Some thoughts on great tunes
by
, Aug-26-2009 at 2:39pm (4108 Views)
I am presently addicted to old timey music. I still have my love for Irish, Scottish, and Cape Breton traditional music, and French Canadian fiddle tunes, and I still love the New England old time tradition, as well as Klezmer and Eastern European music, and Western Swing, Tango, and... and...
But right now I am addicted to the music of Appalachia. And in particular, Southern Appalachia.
What I like best about old timey music is its worship of the tune. This is not unique to old timey of course, but it is particularly evident. In old timey music, the tune is king, which is why we play each one 368716837436874 times before moving to the next one. This also explains why old time doesn’t go in for improvisation all that much. Its fine to decorate and accentuate the tune in various ways, but by and large we don’t do the spontaneous real time composition of the bluegrass break or jazz solo. The tune is fine as it is, it doesn’t need fixing.

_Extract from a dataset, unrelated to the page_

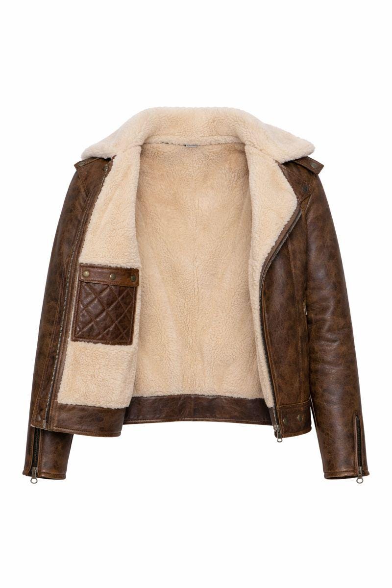 ✔ Premium leather outer with vintage finish ✔ Warm shearling lining for winter comfort ✔ Classic aviator / biker style design ✔ Front zip closure with secure side pockets ✔ Adjustable waist straps for a tailored fit ✔ Ideal for cold weather & everyday wear

The A part of the tune makes us yearn for the B part, the way Oreo cookies make us want milk. And the B part of a good tune makes us want to get back on at the beginning and do it all again. There are many tunes where there is some question as to which is the A part and which the B, both parts call for each other like puppies and little children. Over and over and over, like chant, till we are mesmerized, walking around on a sonic landscape unaware of the world. Its almost like the tune never ends. After a while it just stops.
A tune tells us a story. The better the story and the better its telling, the better the tune. Great tunes tell unforgettable, timeless stories, that delight us anew with each hearing.
I am not talking about the feelings and experiences of our lives evoked by the tune. I don’t mean the way someone can sing my life, or how a tune might conjure up the adventure of a new love, or the loss of an old one.
I am referring to something deeper - the way the tune is about itself. A great tune takes us on a unique little acoustic journey - a travel story told in the language of melody and rhythm - without necessary reference to anything outside of itself. And the more fun the journey, the better the tune.
The journey of a tune should of course surprise and delight, by providing interesting and unforeseen elements. But in order to surprise us the tune needs to establish expectations - which are then in some way pierced. It is a very precarious balance, between the familiar and comfortable and the fresh and exciting. Avoiding cliche on the one hand, and heading off alienating novelty on the other. Finding this enchanting balance - that is what separates a great tune from a merely good tune.
In a great tune, we respond upon first hearing as if we have always known it. You don’t have to “break in” a great tune. It is like a brand new “old friend”, talking to us about new and exciting things, but talking familiarly, confidently, in a language we understand, have always understood. Somehow it is new and simultaneously very old - fresh and even strange perhaps, while being intimate and conversant with our personal universe of musical experiences.
I know I have been playing well when someone compliments the tune I am playing - as opposed to my playing of it. “What a lovely tune” means more to me than “good job, great playing on that”. The hand of the craftsperson is invisible. Which is the better compliment to the carver of duck decoys - that people like his work or that ducks come close to snuggle.
I like it best when I, like the craftsperson, have become invisible, the music I am playing has transcended my playing of it, and become of interest and delightful on its own. I mentally step back a bit and see the tune as the others sees it, and marvel as my hands and fingers and pick find themselves in service of the music itself, compelled along not by my will, but by the narrative logic of the tune.